In his second year at Moscow State University, a friend invited him to join her at "some interview." The interview turned out to be a screening for an undergraduate exchange program. His friend failed, while Klumov won a place to study in the United States.
He spent the next two years at a liberal arts college in the small town of Lewiston, Maine, where he studied natural sciences and economics. His prejudices that the United States was an isolationist and poorly educated nation were shattered. "The Americans I met at Bates College were all fluent in several languages, widely traveled and well-educated," he said.
Klumov said he was quick to grasp the cultural differences, pick up college slang and adjust to a new lifestyle and mentality. He became so integrated into the American way of life that when he graduated in 1991, he planned to return to the United States to get his master's. Yet, once back in Russia, he found himself in the midst of dramatic historic changes.
"It was too exciting to go back, so I decided to stay," he recalled.
With an impressive resume that included work experience in the State of Maine Executive Department, Klumov quite easily found a job with a small Australian media company in Moscow. The Australian expat community was rather small in those days and meeting all the Australians in town was inevitable. One of them became his future wife -- Australian Broadcasting Corporation correspondent Monica Attard.
Married in Russia, the couple had no plans to move elsewhere and only the death of Attard's father in 1994 made them pull up stakes and relocate to Sydney, initially intending to be there for only a year. But shortly after, Attard was offered the job of hosting a popular show on ABC and Klumov, still only 25, got a job with a private investment company in Sydney seeking out gold mining opportunities in a number of countries, including Russia.
Despite his science background, Klumov said he found he made quite a good businessman.
"It's all about the ability to learn. If I don't know how to do something but I know people who do, I go to them," he said. "I was also quite lucky to work with people who were much older and more experienced than me. It was my crash course, so to speak," he said with a smile.
His work with the investment company and later as the general manager in Europe for Australian Defense Industries, where he helped drive its export push into the former Soviet bloc, meant Klumov had to travel extensively in Europe and North America, going on business trips every three to four weeks.
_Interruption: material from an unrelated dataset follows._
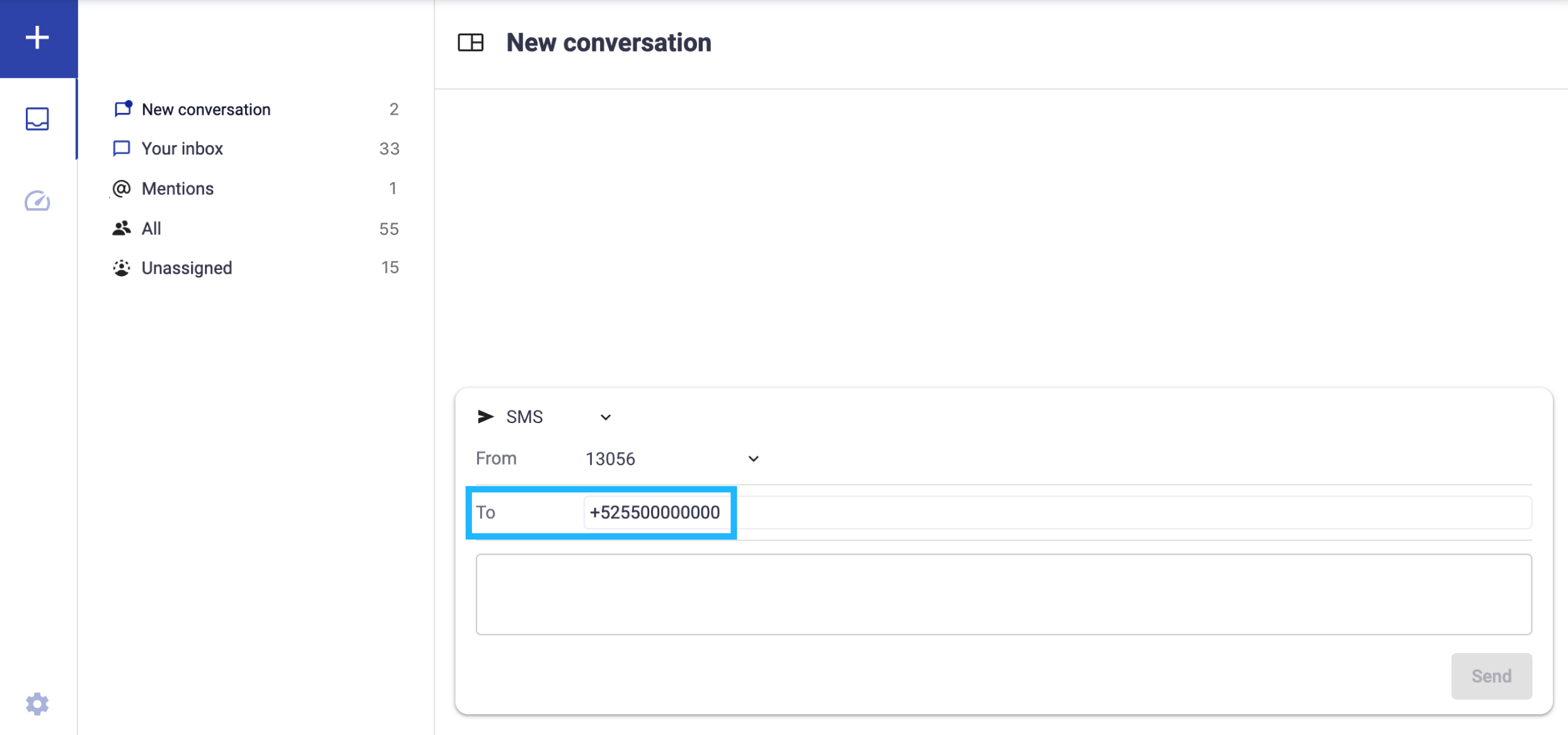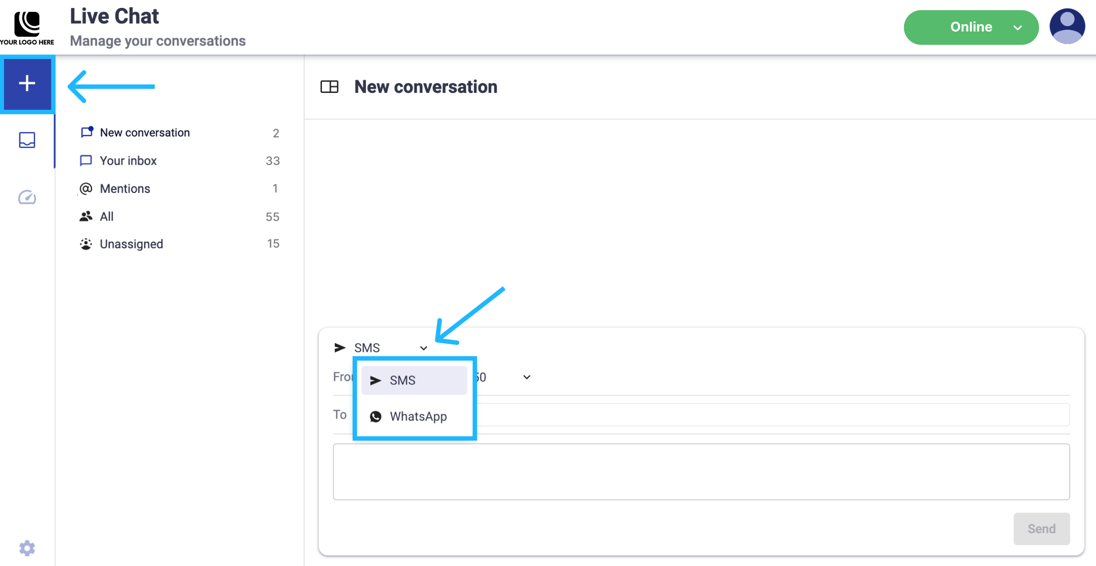 Click the New Conversation icon from the Navigation sidebar menu and select the channel you want to start a conversation on: SMS or WhatsApp.

He soon got to know a lot of interesting people, both in his new home country and around the globe. One of them was an Australian who had worked for 35 years in the Australian Trade Commission and told him about the Moscow-based job with Austrade.
Klumov, who had also gone on to do two jobs for information technology companies, said he had never before considered working for the public sector, but after contemplating the idea for some time, he became convinced that the job would offer him wider opportunities, and applied for the position.
"In the private sector what you do is strictly determined by the interests of shareholders. Here I can serve the whole Australian business community," he explained.
Klumov was appointed to the senior trade commissioner's job in Moscow in July and lives with his wife and 6-year-old son Sasha in an apartment across the river from the Kremlin.
In his new role, Klumov said he has to deal with emergency situations every day and spends much of his time helping people get out of trouble.
"Maybe it's my dad's legacy -- he always used to teach me that kindness is the most important thing in life. That is why it is hard for me to turn a person down," he said.
"Relationships are essential not only in our personal lives, but in business as well," he continued, "and what makes them work is openness and sincerity on both sides.
"Most people in Australia are very friendly and truly genuine. I also do my best to be that way," he said.